Final answer:
The student's question pertains to image compression and reconstruction using Discrete Cosine Transform (DCT), involving the trade-off between compression ratio and image quality. To perform the compression, only the top 10 DCT coefficients are kept for each 8x8 block. This introduces potential image quality loss and an increase in mean square error, both quantified in the task.
Step-by-step explanation:
The student's question involves the process of image compression using Discrete Cosine Transform (DCT) and how it affects the quality of the resulting image. The question asks to divide an image into 8x8 non-overlapping blocks, compute the DCT for each block, and then compress the image by keeping only the top 10 largest magnitude DCT values for each block.

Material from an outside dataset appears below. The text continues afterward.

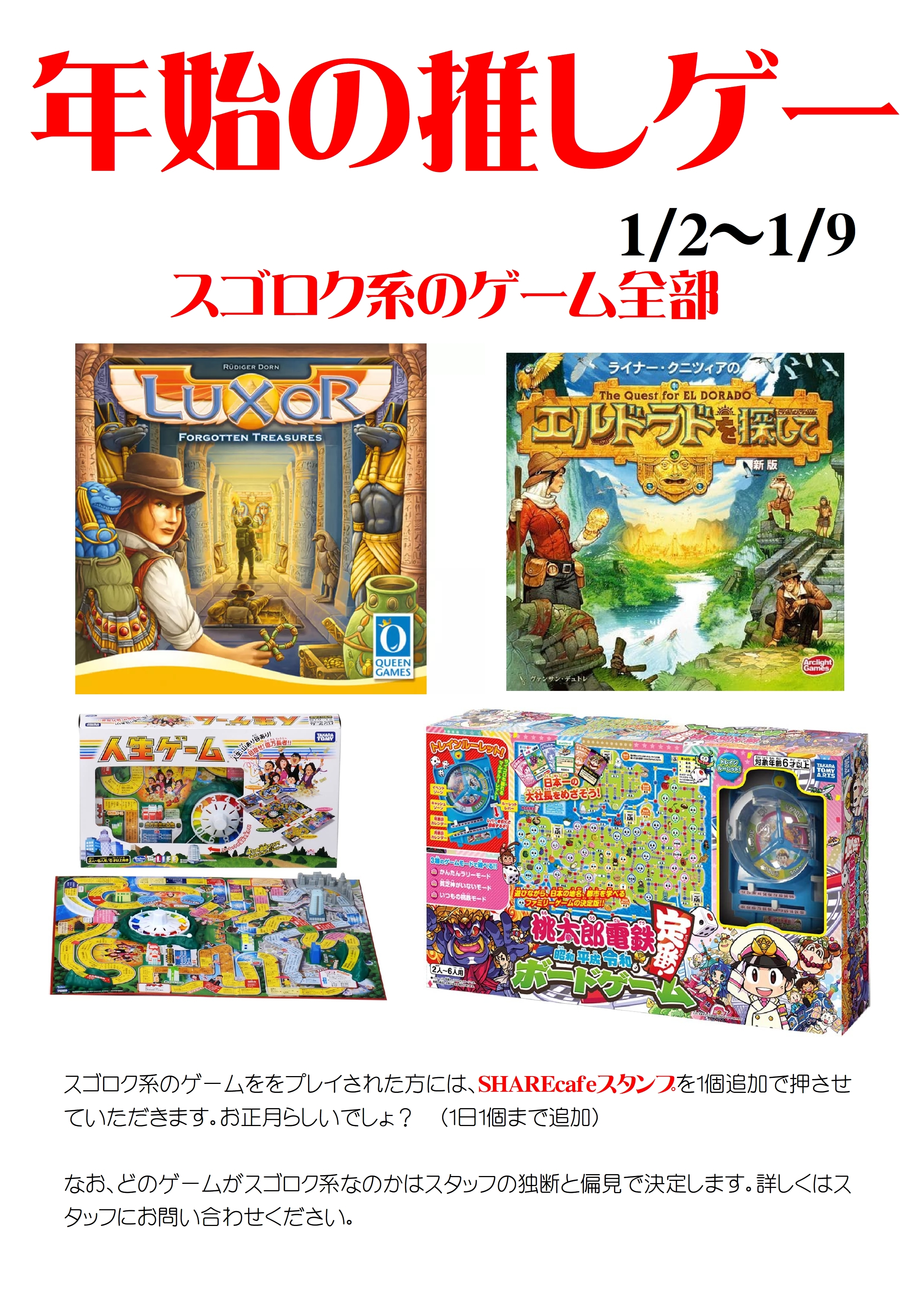どのゲームがスゴロク系なのかはスタッフの独断と偏見で決定しますので、詳しくは店頭でスタッフにお問い合わせくださいませ。

The compression ratio is the measure of how much the image size is reduced, and it can be calculated by comparing the number of bits needed to store the original versus the compressed image. Following compression, an inverse DCT is applied to reconstruct the image, after which the quality of the reconstructed image and the mean square error (MSE) is evaluated.
The mean square error gives us a quantitative measure of the accuracy of the reconstructed image compared to the original. By only keeping the top 10 DCT coefficients, we are significantly reducing the amount of data needed to represent each block. However, since we are discarding many coefficients, this results in lossy compression.
Lossy compression can lead to a decrease in image quality, exhibited by artifacts or blurring of the reconstructed image. High compression ratios typically result in more noticeable image quality degradation. Furthermore, the mean square error will likely increase as the compression ratio goes up, indicating a higher discrepancy between the original and the reconstructed image.